The survey was conducted by two clinical psychologists; Christine Williams, who works in hospitals in Harrogate, and Adrian Skinner, of the University of Leeds. It began five years ago with heavy drinkers who drank on average 115 units of alcohol a week. This is equivalent to eight pints, or nearly three bottles of wine, a day. The recommended limit for men is 21 or 14 for women.
One man was drinking 630 units a week - three bottles of whisky a day. But he had not been classed as alcoholic and was not being treated for alcoholism.
When tested again last year, even though the drinkers had cut down to an average of 19 units a week, the cognitive damage was still evident. The major problem was with handling abstract ideas and in grasping new concepts, the researchers said.
'We interviewed and tested them in 1987 and again in 1992. Although stopping drinking or cutting down allows for some recovery, some of the skills continued to decline.
'The group had volunteered to join a hospital programme to try to cut down. None had any signs of ill health caused by their drinking at the time of the first survey or were being treated for it,' Mrs Williams said.

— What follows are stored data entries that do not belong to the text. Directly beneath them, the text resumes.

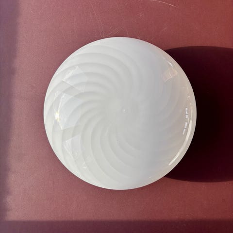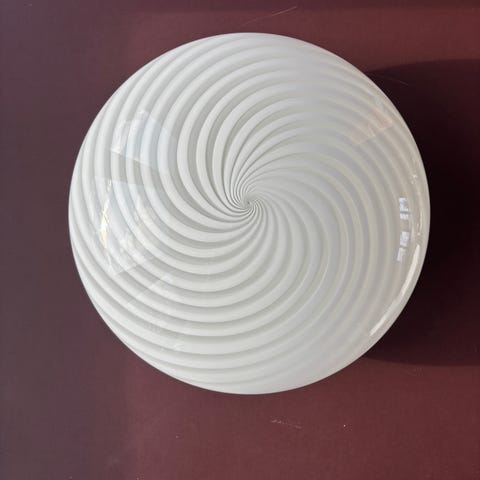Vintage Murano plafond med hvidt transperant swirl 30 cm
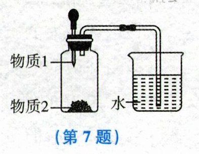 7. 现有①铜和稀盐酸、②氢氧化钠和水、③硝酸铵和水、④镁和稀硫酸、⑤锌和稀盐酸五组物质。将各组中的两种物质在如图所示的气密性良好的装置中相互混合,有气泡从水中逸出的是(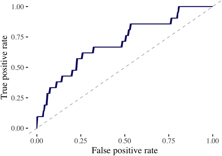 Performance of machine learning model on test dataset. This figure demonstrates the receiving operating characteristic curve for the extreme gradient boosting model to predict MACE in the test dataset utilizing the discovery cohort. The area under the curve (AUC) assesses the model’s accuracy. AUC, 0.71.

Mr Skinner said: 'It looks as if the damage has been permanent. There was a 20 per cent deficit in some abilities. There was an age effect as well. In the over-50s all in the drinkers' group found some tasks more difficult compared with only one in the control group of people who drank only to recommended levels.
'The implications are quite worrying,' he told the conference. 'The findings suggest that a manager, for example, would have difficulties with new ideas. But this might not be evident. Conversational skills were not impaired.' He added that there may be many people who were not aware of how their drinking was affecting them.